▶ _What is being asked_
Copy nothing but the lines below, from the one with "Блины (молоко, мука, соль, сахар, яйцо), лосось, сливочный" through the one with "В таблице приведены", exactly as written; no pictures should appear.

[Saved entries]
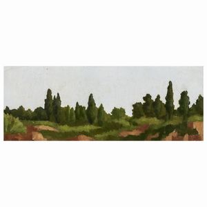 12x32 cm. Roma 1965 - 2019 Il verde del Palatino, 1990, olio su tavola, firmato, datato e titolato sul retro, [..]
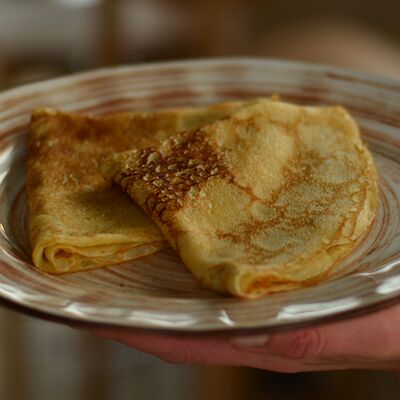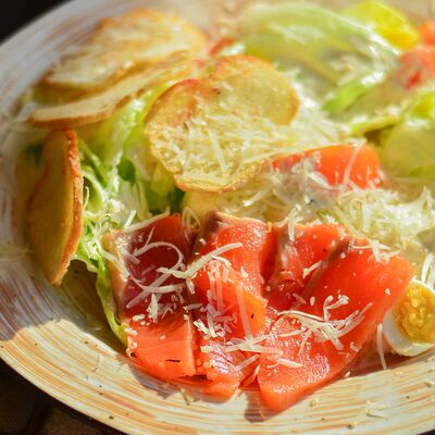Блины (молоко, мука, соль, сахар, яйцо), лосось, сливочный крем и упаковка для блюда
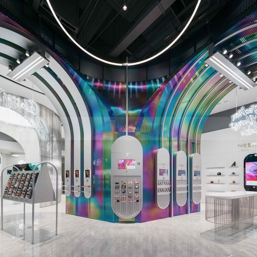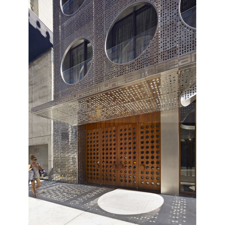 C234 Facade Panels Perforated 304 Stainless Steel Metal Mesh Facade Cladding Panels Pvd Coating Colorful Finished Curtain Wall
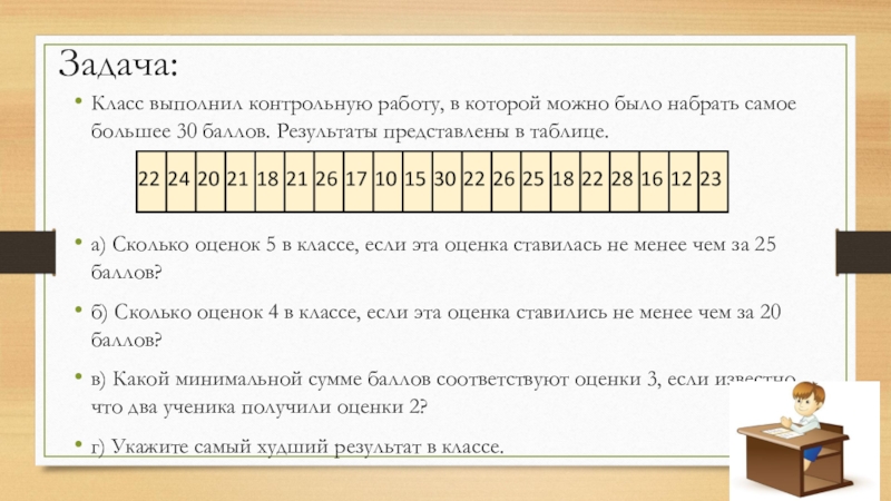 В таблице приведены результаты (в баллах) выполнения контроль-ной работы в классе.
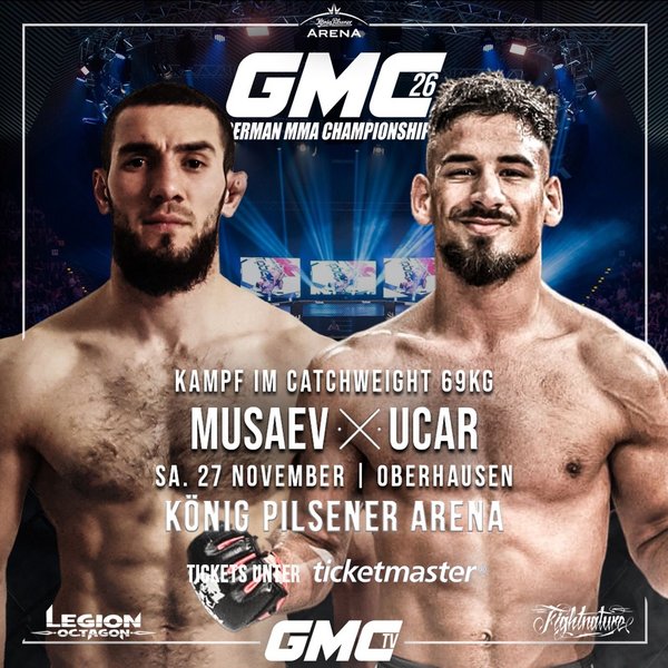 Adlan Musaev (2-0) stand am 30. Oktober im Hauptkampf der 11. GMC Fight Night. Dort war er siegreich gegen den favorisierten Said Eidi. Der schlagstarke Tschetschene, der für den Fußballverein FSV Viktoria Hof spielt, überzeugte sowohl im Stand, als auch auf dem Boden und zeigte seine Routine im Käfig, die seine Bilanz so nicht hergibt. Eben deshalb wird er von Kontrahenten unterschätzt und dann droht jenen ein böses Erwachen. Jenen Alptraum will Musaev auch seinen nächsten Kontrahenten durchmachen lassen und seine lupenreine Bilanz weiter ausbauen. Dafür bekommt er die Chance, nur knapp einen Monat nach dem letztem Einsatz, bei GMC 26, wo ihm einen weiterer junger Wilder vorgesetzt wird, in Form von Cagri Ucar.
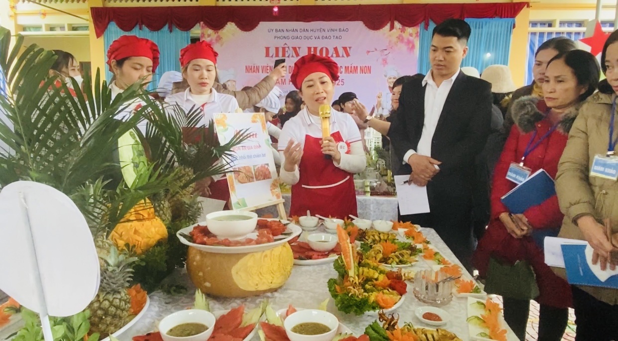 Trường Mầm non Dũng Tiến có 1 đồng chí nhân viên nuôi dưỡng tham gia dự thi tạo buổi liên hoan.Các đ/c nhân viên đã tìm tòi, sáng tạo, đưa ra các ý tưởng và chế biến được nhiều món ăn dinh dưỡng hàng ngày cho trẻ. Không những nấu ăn ăn, các cô còn khéo léo trong việc trang trí sao cho đẹp mắt, hấp dẫn tạo cho trẻ sự hứng thú.
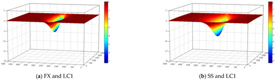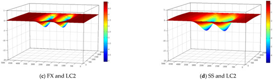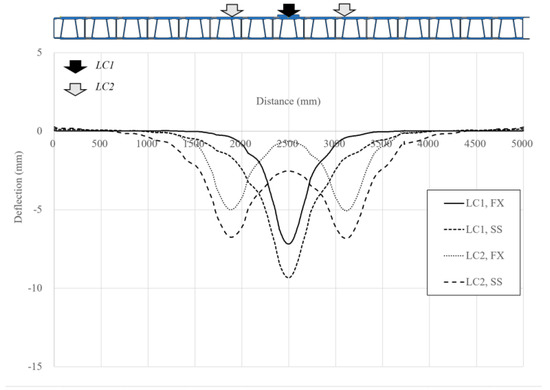 The global deflections are evaluated to investigate the serviceability of the deck under the service loads. Figure 8a,b shows the deformed shapes of the bottom plate in the deck under FX and SS, respectively, and LC1. Figure 8c,d shows the deformed shapes of the bottom plate in the deck under FX and SS, respectively, and LC2. The maximum deflection is larger in LC1 than in LC2; thus, LC1 governs the deflection requirements in SLS. Figure 9 and Figure 10 compare the deck deflections along the weak and strong axes, respectively. Notably, the deflected region is much narrower in the weak axis than in the strong axis because the flexural stiffness is much lower in the weak axis.
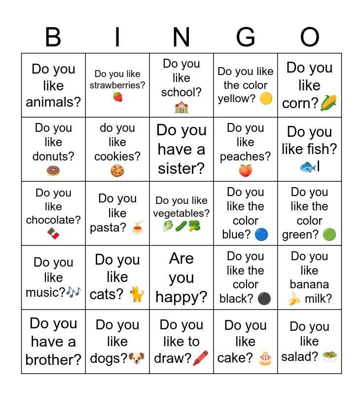 This bingo card has a free space and 24 words: Do you like cats? 🐈, Do you like dogs?🐶, Do you have a sister?, Do you have a brother?, Do you like corn?🌽, Do you like animals?, Do you like donuts? 🍩, Do you like strawberries?🍓, Do you like the color blue? 🔵, Are you happy?, Do you like peaches? 🍑, Do you like chocolate? 🍫, Do you like the color black? ⚫️, Do you like banana 🍌 milk?, do you like cookies? 🍪, Do you like cake? 🎂, Do you like the color green? 🟢, Do you like school? 🏫, Do you like fish? 🐟I, Do you like pasta? 🍝, Do you like salad? 🥗, Do you like music?🎶, Do you like the color yellow? 🟡 and Do you like to draw?🖍.

▶ _Solution for this exercise_
Блины (молоко, мука, соль, сахар, яйцо), лосось, сливочный крем и упаковка для блюда
 C234 Facade Panels Perforated 304 Stainless Steel Metal Mesh Facade Cladding Panels Pvd Coating Colorful Finished Curtain Wall
 В таблице приведены результаты (в баллах) выполнения контроль-ной работы в классе.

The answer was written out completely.